Ouvrant le sommaire se trouve sans doute le plus intéressant de ces récits. Il s’agit d’un épisode consacré à Doctor Strange, écrit par Roger Stern et dessiné par Neil Vokes. Les lecteurs des posts précédents ont donc aussitôt identifié l’un des récits destinés à l’origine à la série Marvel Universe , sans doute dans la foulée de l’histoire de Captain America (exploitée dans Sentinel of Liberty ), donc peut-être pour l’éventuel numéro 9.
Sous une couverture de Mario Alberti, le récit nous permet de retrouver Stephen Strange alors qu’il revient du voyage à l’autre bout du monde qui a changé sa vie. De retour dans son pays d’origine, il décide de s’installer, et jette son dévolu sur une bâtisse à la mauvaise réputation… qu’il s’empresse d’acheter sans même que l’agent immobilier ait besoin de déballer son arsenal d’arguments.
Comme dans les autres histoires (celle des Envahisseurs, celles des Chasseurs de Monstres), Stern utilise des prétextes classiques afin d’amener des idées plus surprenantes. Ainsi, via le personnage de l’agent immobilier, le scénariste nous laisse croire que la maison est hantée à cause de rituels païens perpétrés dans les fondations, voire même bien avant que celles-ci ne soient posées.
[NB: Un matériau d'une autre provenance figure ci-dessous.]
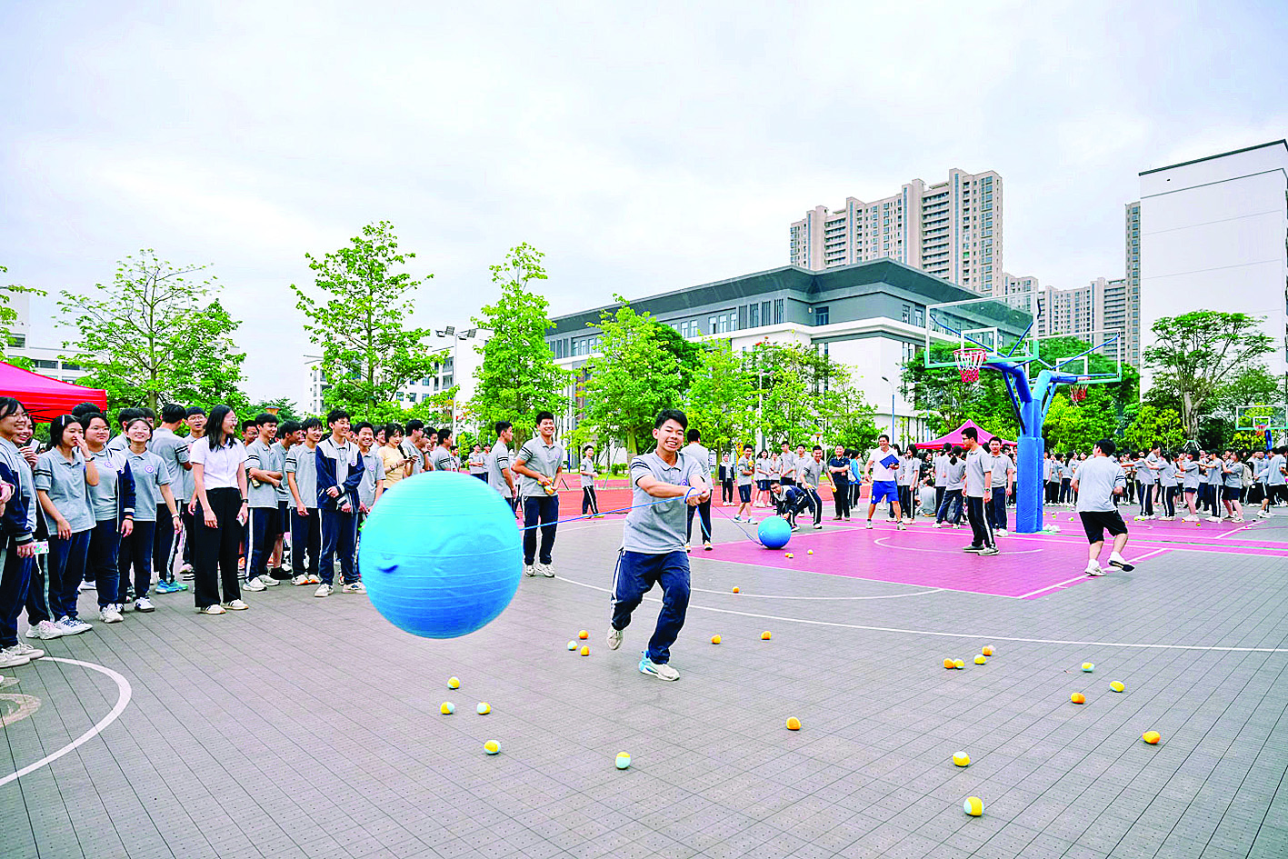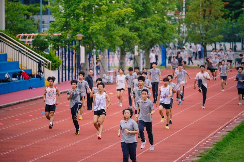 在惠州中學(xué)的操場(chǎng)上,每天下午五點(diǎn)總會(huì)響起此起彼伏的加油聲。高一年級(jí)的“20人21足”比賽正如火如荼進(jìn)行著,綁著護(hù)腕的同學(xué)們喊著整齊的口號(hào)向前沖刺;隔壁場(chǎng)地,高二學(xué)生正進(jìn)行飛盤對(duì)抗賽,陽(yáng)光下旋轉(zhuǎn)的飛盤劃出一道道優(yōu)美弧線;教學(xué)樓里,幾個(gè)男生借著課間10分鐘比拼引體向上,汗水浸透的校服刻印著青春的勛章。

Mais ces allusions lorgnant vers Shining ou Poltergeist sont des diversions.
En effet, le shaman indien évoqué dans les dialogues semblait lutter contre une force extradimensionnelle à laquelle Strange, encore novice rappelons-le, va être confronté. Autre diversion, la structure du récit fait que les soupçons du lecteur peuvent se porter vers un autre ennemi du sorcier, bien connu des lecteurs de longue date. Mais là encore, c’est une feinte du scénariste.
Quand la confrontation survient, le jeune magicien utilise autant les sorts qu’il a appris auprès de l’Ancien que sa tête, et même ses muscles. Et la fin du récit place cette bataille dans le cycle d’apprentissage, sorte de dernière épreuve confirmant la place d’élève de premier ordre qu’occupe Stephen dans le cœur de l’Ancien.
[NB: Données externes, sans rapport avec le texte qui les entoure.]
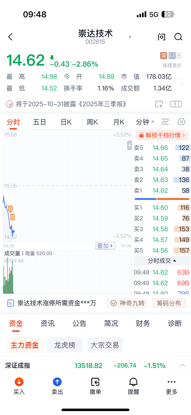 $崇达技术(SZ002815)$ 越跌越买,一辈子对你不离不弃

Au dessin, Neil Vokes, qui a déjà dessiné Doctor Strange à l’occasion d’un numéro spécial de la série Untold Tales of Spider-Man (dont Stern avait déjà assuré les dialogues) rend un hommage graphique très agréable à Steve Ditko. Son Strange anguleux, aux traits presque asiatique, renvoie au premier épisode dans Strange Tales . Le dessinateur réinvestit tout le catalogue d’astuces visuelles, reproduisant merveilleusement les mondes bizarres et les représentations des sorts. Il est soutenu par les couleurs rusées de Lee Loughridge, qui confère aux flash-backs des palettes différentes aux touches sépia du meilleur effet.
Constituant donc le dernier épisode de Marvel Universe qui n’ait pas trouvé refuge quelque part, cette aventure ressort donc des tiroirs à l’initiative du responsable éditorial Tom Brennan, qui s’empresse de contacter Roger Stern pour que ce dernier rédige les dialogues. Stern avait commencé l’exercice en 1998, au moment où Vokes avait réalisé les planches, mais il a entre-temps perdu le fichier. Il n’en avait rédigé que l’équivalent de deux ou trois pages, disparues depuis lors. C’est donc une douzaine d’années plus tard qu’il reprend l’histoire, donnant au récit une voix off ni trop pesante ni trop envahissante, mais qui correspond bien à la plongée intérieure que vit le magicien dans le récit.